▶ **What you have to do**: After removing every image, reproduce the data exactly as it appears.
Given information Block Start
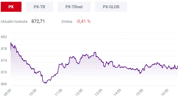 Pražská burza dnes přišla o část svých úterních zisků. Index PX klesl o 0,41 % na 872,71 bodu. Dolů ho táhly především bankovní tituly.
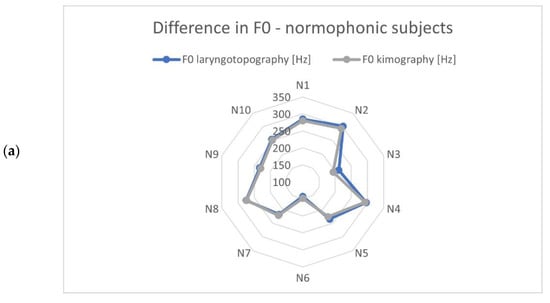 The identified vibration frequencies (using laryngotopography) were compared with the results obtained from the kymographic analysis based on GWW (glottal width waveform) to verify whether the developed algorithm correctly calculated the fundamental frequency from the HSV recordings. The polar plots in Figure 6 show a comparison of the calculated fundamental vibration frequencies for each subject in the examined groups. The maximum difference observed was 20.6 Hz, and the average difference was 6.2 Hz. This was a fairly accurate result given the frequency resolution that can be achieved with the imaging methods compared. Note that the detected fundamental frequencies ranged from 90 Hz to 370 Hz.
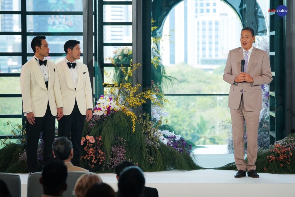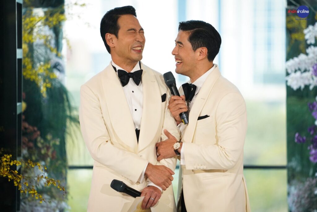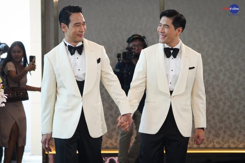 โดยมีนายเศรษฐา ทวีสิน อดีตนายกรัฐมนตรี ให้เกียรติเป็นประธานในงาน พร้อมด้วยคณะทำงานจากหลายภาคส่วนที่ช่วยผลักดันกฎหมายสมรสเท่าเทียม อาทิ นายชัชชาติ สิทธิพันธุ์ ผู้ว่าราชการกรุงเทพมหานคร, นายดนุพร ปุณณกันต์ ประธานคณะกรรมาธิการ (กมธ.) สมรสเท่าเทียม, นายเกิดโชค เกษมวงศ์จิตร รองอธิบดีกรมคุ้มครองสิทธิและเสรีภาพ กระทรวงยุติธรรม และ อรรณว์ ชุมาพร (วาดดาว) ประธานและผู้ก่อตั้งบริษัท นฤมิตไพรด์ จำกัด เดินทางมาร่วมงาน ท่ามกลางความยินดีของครอบครัว เพื่อนๆ และคนสนิท
Given information Block End
▶ **Exercise answer**:
 Pražská burza dnes přišla o část svých úterních zisků. Index PX klesl o 0,41 % na 872,71 bodu. Dolů ho táhly především bankovní tituly.
 The identified vibration frequencies (using laryngotopography) were compared with the results obtained from the kymographic analysis based on GWW (glottal width waveform) to verify whether the developed algorithm correctly calculated the fundamental frequency from the HSV recordings. The polar plots in Figure 6 show a comparison of the calculated fundamental vibration frequencies for each subject in the examined groups. The maximum difference observed was 20.6 Hz, and the average difference was 6.2 Hz. This was a fairly accurate result given the frequency resolution that can be achieved with the imaging methods compared. Note that the detected fundamental frequencies ranged from 90 Hz to 370 Hz.
 โดยมีนายเศรษฐา ทวีสิน อดีตนายกรัฐมนตรี ให้เกียรติเป็นประธานในงาน พร้อมด้วยคณะทำงานจากหลายภาคส่วนที่ช่วยผลักดันกฎหมายสมรสเท่าเทียม อาทิ นายชัชชาติ สิทธิพันธุ์ ผู้ว่าราชการกรุงเทพมหานคร, นายดนุพร ปุณณกันต์ ประธานคณะกรรมาธิการ (กมธ.) สมรสเท่าเทียม, นายเกิดโชค เกษมวงศ์จิตร รองอธิบดีกรมคุ้มครองสิทธิและเสรีภาพ กระทรวงยุติธรรม และ อรรณว์ ชุมาพร (วาดดาว) ประธานและผู้ก่อตั้งบริษัท นฤมิตไพรด์ จำกัด เดินทางมาร่วมงาน ท่ามกลางความยินดีของครอบครัว เพื่อนๆ และคนสนิท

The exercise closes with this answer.